为什么我的 RNN 学习将所有输入分类为 2 种可能分类中的一种?

Why is my RNN learning to classify all inputs as only 1 of 2 possible classifications?

我已经编写了我的第一个 RNN TensorFlow 实现,它将递增或递减的随机序列作为输入。训练标签是对应于每个序列的单个整数,其中 1 是递增序​​列,0 是递减序列。当我的模型训练时,它很快倾向于将每个序列分类为递减序列,我不明白为什么。这是我的代码:

from __future__ import print_function
import tensorflow as tf
from tensorflow.contrib import rnn
import random

sequenceLength = 5     # Input Dimension
maxNum = 1000          # Must be >= than (sequenceLength - 1)
outputDim = 1
hiddenDim = 16
learningRate = 0.1
trainingIterations = 10000
batchSize = 10
displayStep = 1000

def generateData():
    data = []
    labels = []
    for _ in range(batchSize):
        type = (1 if random.random() < 0.5 else 0)
        temp = []
        if type == 1:
            labels.append([1])
            temp.append(random.randint(0, maxNum - sequenceLength + 1))
            for i in range(1, sequenceLength):
                temp.append(random.randint(temp[i - 1] + 1, maxNum - sequenceLength + i + 1))
            data.append(temp)
        if type == 0:
            labels.append([0])
            temp.append(random.randint(0 + sequenceLength - 1, maxNum))
            for i in range(1, sequenceLength):
                temp.append(random.randint( 0 + sequenceLength - i - 1, temp[i - 1] - 1))
            data.append(temp)
    return data, labels

x = tf.placeholder(tf.float32, [batchSize, sequenceLength], name="input")
y = tf.placeholder(tf.float32, [batchSize, outputDim], name="label")

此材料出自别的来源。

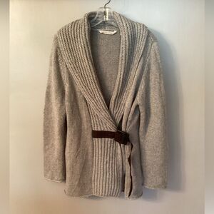 SOFT SURROUNDINGS SIZE XL GREY COUNTRY WEEKEND LEATHER BELTED CARDIGAN SWEATER
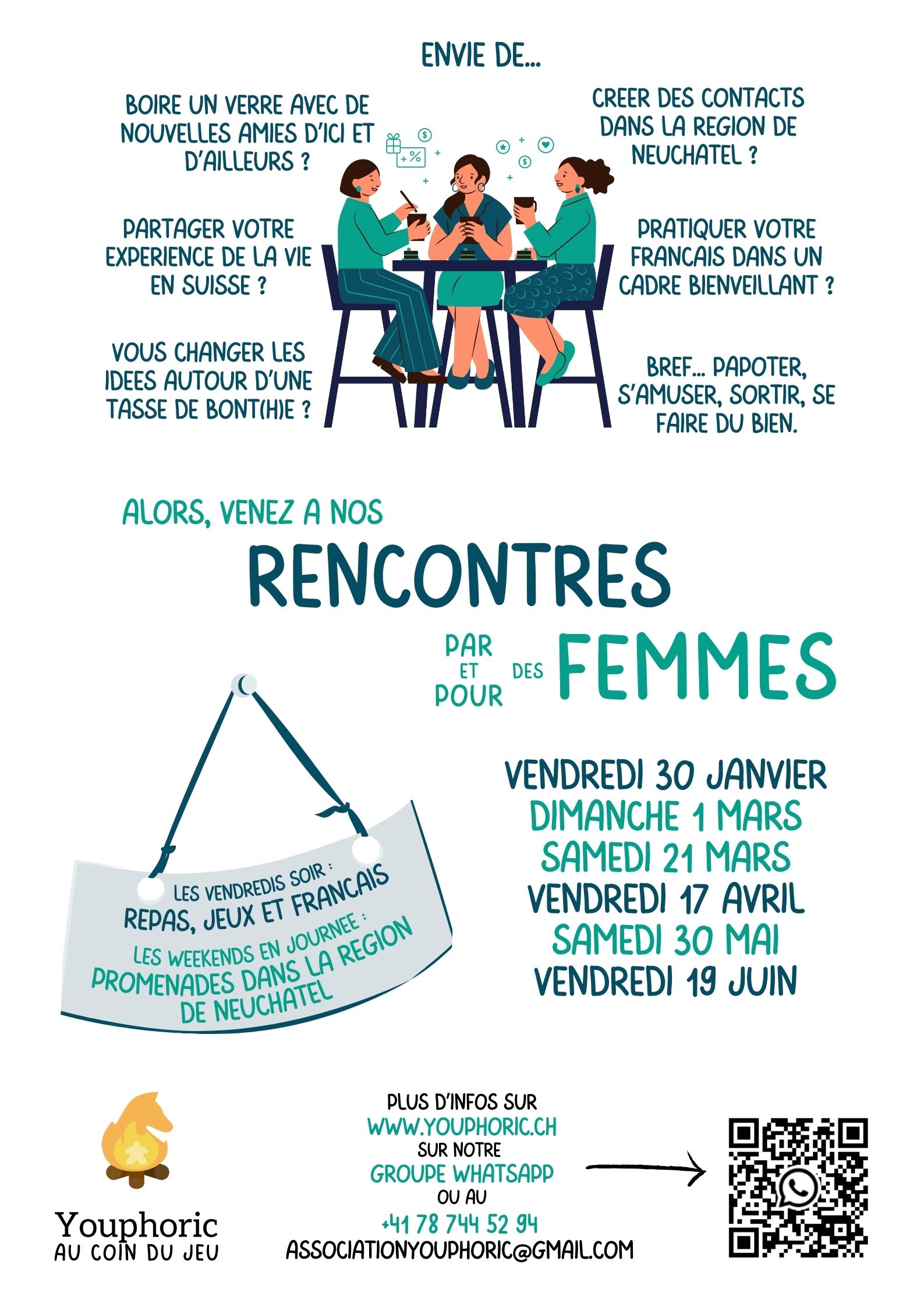 Rejoignez notre groupe WhatsApp : Youphoric – Women in Switzerland ou contactez-nous pour toute question et inscription.

W = tf.Variable(tf.random_normal([hiddenDim, outputDim]))
b = tf.Variable(tf.random_normal([outputDim]))

cell = rnn.BasicRNNCell(hiddenDim)
outputs, states = tf.nn.static_rnn(cell, [x], dtype=tf.float32)
prediction = tf.sigmoid(tf.matmul(outputs[0], W + b))

loss = tf.reduce_mean(tf.nn.sigmoid_cross_entropy_with_logits(logits=prediction, labels=y))
optimiser = tf.train.AdamOptimizer(learning_rate=learningRate).minimize(loss)

correctPrediction = tf.equal(tf.round(prediction), y)
accuracy = tf.reduce_mean(tf.cast(correctPrediction, tf.float32))

with tf.Session() as session:
    session.run(tf.global_variables_initializer())
    for i in range(trainingIterations):
        batchX, batchY = generateData()
        dict = {x: batchX, y : batchY}
        session.run(optimiser, feed_dict=dict)
        if i % displayStep == 0:
            print("Predictions:\t" + str(session.run(tf.transpose(tf.round(prediction)), dict)))
            print("Labels:\t\t" + str(session.run(tf.transpose(y), dict)) + "\n")
        #     batchAccuracy = session.run(accuracy, feed_dict=dict)
        #     batchLoss = session.run(loss, feed_dict=dict)
        #     print("Iteration: " + str(i) + "\nAccuracy: " + str(batchAccuracy) + "\nLoss: " + str(batchLoss) + "\n")

正如我所说,这是我第一次使用 TensorFlow 实现,因此,尽管我很清楚 RNN 的工作原理,但我仍然对我们与 TensorFlow 交互的高级抽象感到迷惑。我最不确定的是 predictionlosscorrectPredictionaccuracy 的计算。我两次使用 sigmoid 函数的方式可以吗?一次为我的预测产生一个概率,然后再次计算我的预测(作为概率)和标签之间的交叉熵。

编辑

我刚刚注意到,在极少数情况下,在不更改任何代码的情况下,RNN 可以快速学会正确分类序列。

你的学习率太大了。我将学习率降低到

learningRate = 0.01

另外这里不需要应用sigmoid

prediction = tf.sigmoid(tf.matmul(outputs[0], W + b))

因为你的损失已经包含了 sigmoid:

loss = tf.reduce_mean(tf.nn.sigmoid_cross_entropy_with_logits(logits=prediction, labels=y))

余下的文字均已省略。